Google intends to open its TV platform, which is based on its Android operating system for smartphones, to software developers. The company hopes the move will spur the same outpouring of creativity that consumers have seen in applications for cellphones.
Google is expected to deliver a toolkit to outside programmers within the next couple of months, and products based on the software could appear as soon as this summer. [...]
Google has built a prototype set-top box, but the technology may be incorporated directly into TVs or other devices. The Google TV software will present users with a new interface for TVs that lets them perform Internet functions like search while also pulling down Web programming like YouTube videos or TV shows from Hulu.com. The technology will also allow downloadable Web applications, like games and social networks, to run on the devices.
All of the companies involved declined to comment. MG Siegler at TechCrunch says this should push Apple into doing something more with their Apple TV platform:
Aside from calling it a hobby, Steve Jobs has referred to the Apple TV as being a potential “fourth leg” of a chair Apple is building. Leg one is the Mac, leg two is the iPod, leg three is the iPhone, and Jobs had hoped the Apple TV would complete the chair one day. But it seems clear now that he thinks the iPad could be the fourth leg instead.
Screw that. I think it’s time for Apple to build a whole dining room set of furniture. We, as consumers, need a living room arms race between Apple and Google (and Microsoft, TiVo, Roku, Boxee, and the rest) to kick the cable companies’ shitty television user experience to the curb.
There’s lots of discussion via techmeme. Last week the WSJ reported that Google is testing a new television-search service with Dish TV.
And the battle is joined. Netflix is already way ahead, getting their chips incorporated directly into TVs mobile devices and computers. Here's the inside story of how Netflix planned to do exactly what Google is talking, a Netflix Player, but is already a step ahead, eschewing being the manufacturer in favor of wide distribution.
http://www.wired.com/techbiz/it/magazine/17-10/…
“…at an all-company meeting in the same amphitheater, Hastings announced that there would be no Netflix Player.
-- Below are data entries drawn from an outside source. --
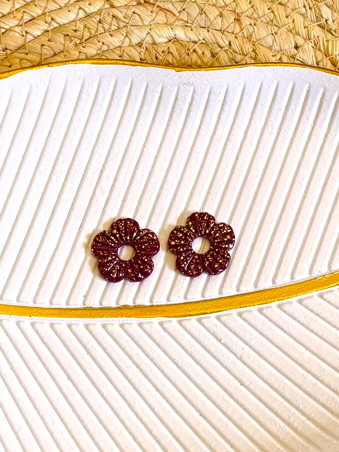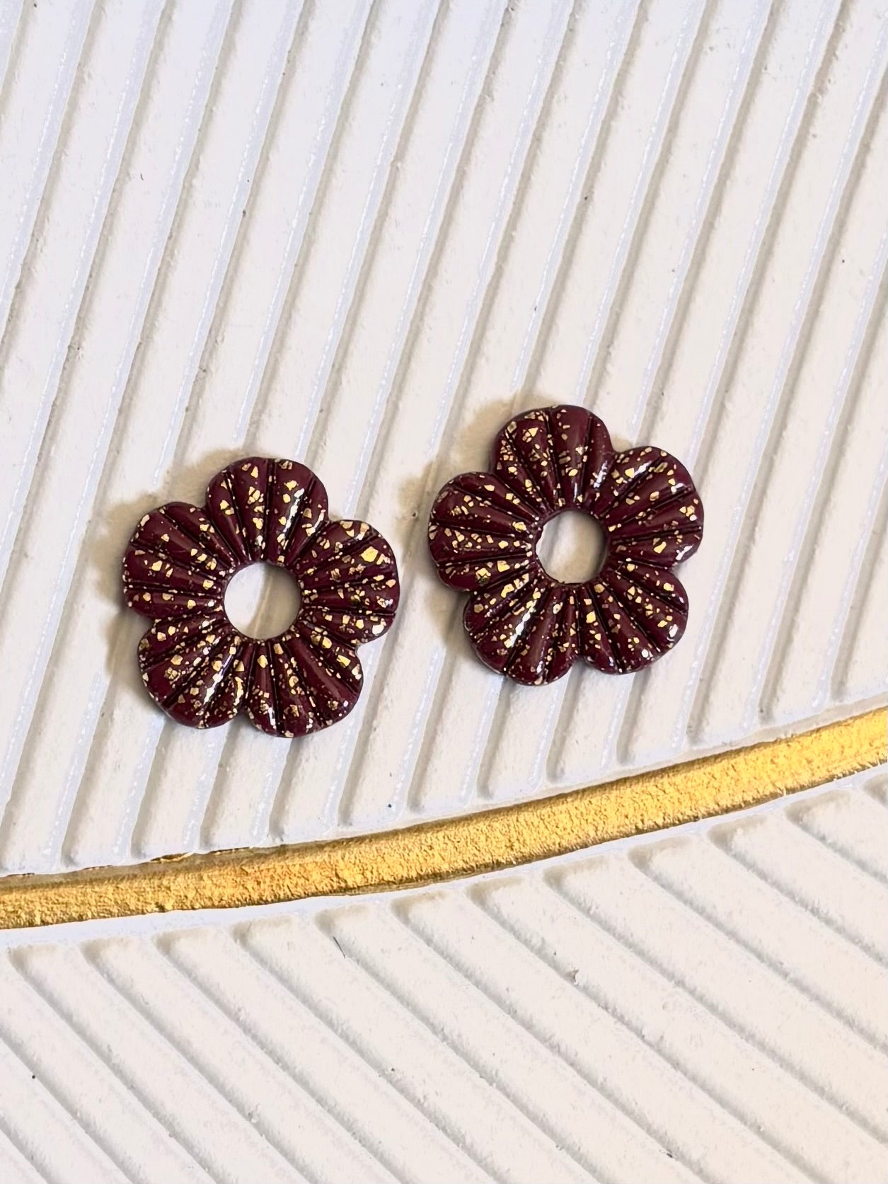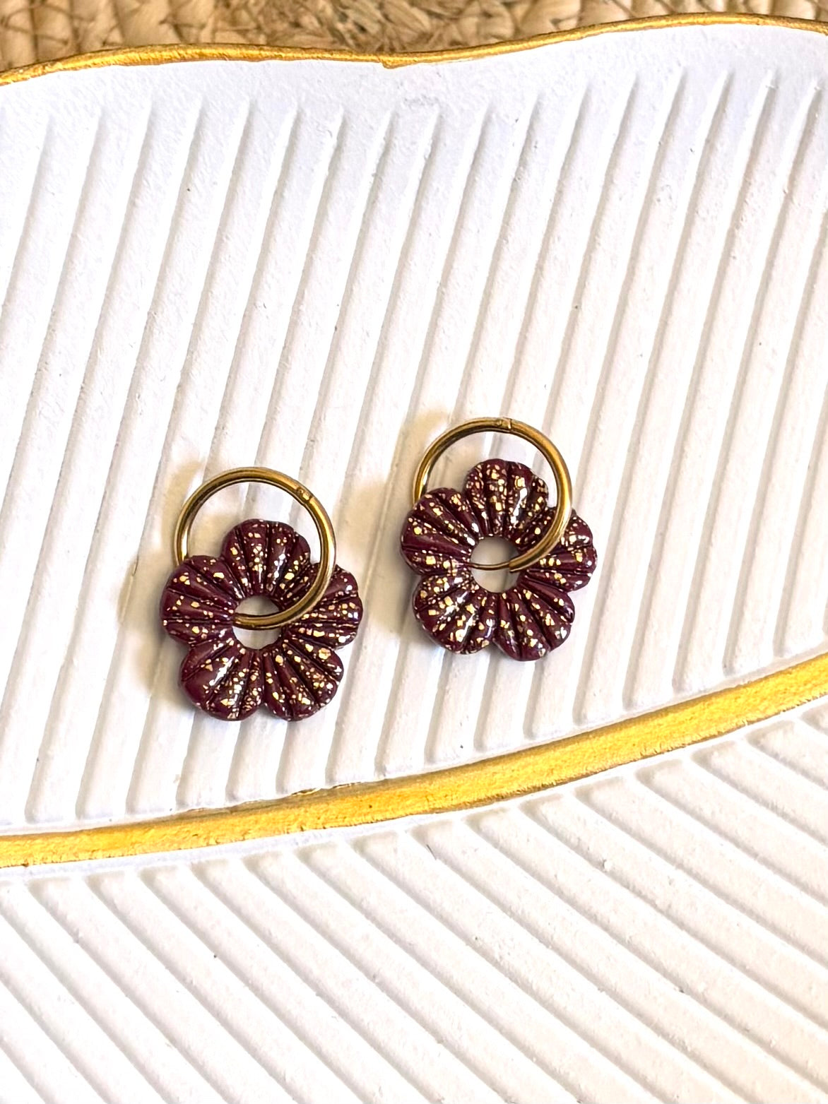Une paire de Sara de 25 mm de couleur bordeaux, avec un ajout de fines feuilles d’or pour une touche élégante et lumineuse.
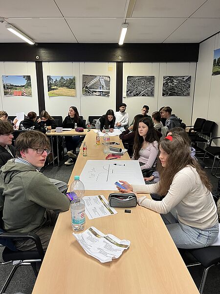 Im Anschluss an die Führung fuhren wir weiter nach Bonn. In der Kantine des Bundesministeriums der Verteidigung erwartete uns ein warmes Mittagessen. Nach der gemeinsamen Mittagspause begaben wir uns in das Tagungszentrum Hardthöhe, wo wir in Gruppen verschiedene Arbeitsaufträge bearbeiteten.Die Aufgaben befassten sich unter anderem mit dem Aufbau und der Funktion des Regierungsbunkers während seiner aktiven Nutzung, mit aktuellen Gefahren, auf die ein Staat vorbereitet sein sollte, mit der Planung moderner Schutzanlagen in Deutschland sowie mit der Frage, ob der Bau solcher Bunker heute sinnvoll und gewinnbringend für die Gesellschaft wäre. Abschließend wurden die Ergebnisse der Gruppenarbeit gemeinsam vorgestellt und diskutiert.
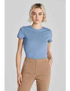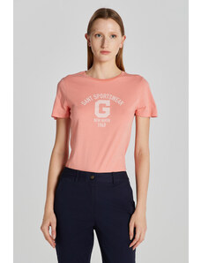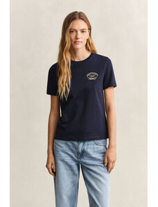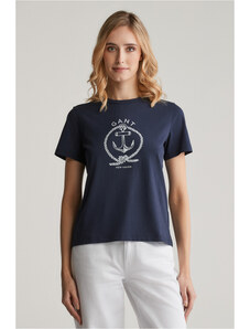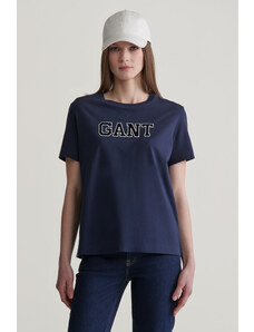 Dámske tričko voľného strihu, ktoré zdobí grafické logo Gant vyšité na hrudi. Ležérny dizajn s okrúhlym výstrihom a krátkym rukávom dopĺňa rebrovaný lem pri krku. Materiálové zloženie so 100% podielom prémiovej bavlny zaručuje dokonalú priedušnosť a maximálne príjemný pocit počas nosenia. Výborne kombinovateľný a praktický kúsok, ktorý štýlovo doladí Váš letný outfit.
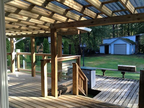 Beautiful 2,400 sq ft rancher on a 34,000+ sq ft lot! Features a large white kitchen with wood counters & undermount lighting, open family/dining area with wood stove, and a private covered deck. Main level has 2 beds/1 bath; downstairs offers 2 more beds, 1 bath, and an unauthorized kitchen—great for extended family or income potential. Upgraded electrical, vinyl windows/siding, metal roof. Tons of parking plus RV parking. Space, privacy & value all in one!

Instead, he would spin off the device, letting developer Anthony Wood take the technology and his 19-person team to a small company Wood had founded years earlier called Roku. But Netflix, which had already begun streaming movies to users' PCs, was hardly giving up on the idea of streaming them to televisions as well. Instead, the company would take a more stealthy—and potentially even more ambitious—approach. Rather than design its own product, it would embed its streaming-video service into existing devices: TVs, DVD players, game consoles, laptops, even smartphones. Netflix wouldn't be a hardware company; it would be a services firm. The crowd was stunned. In half an hour, Hastings had completely reinvented Netflix's strategy.”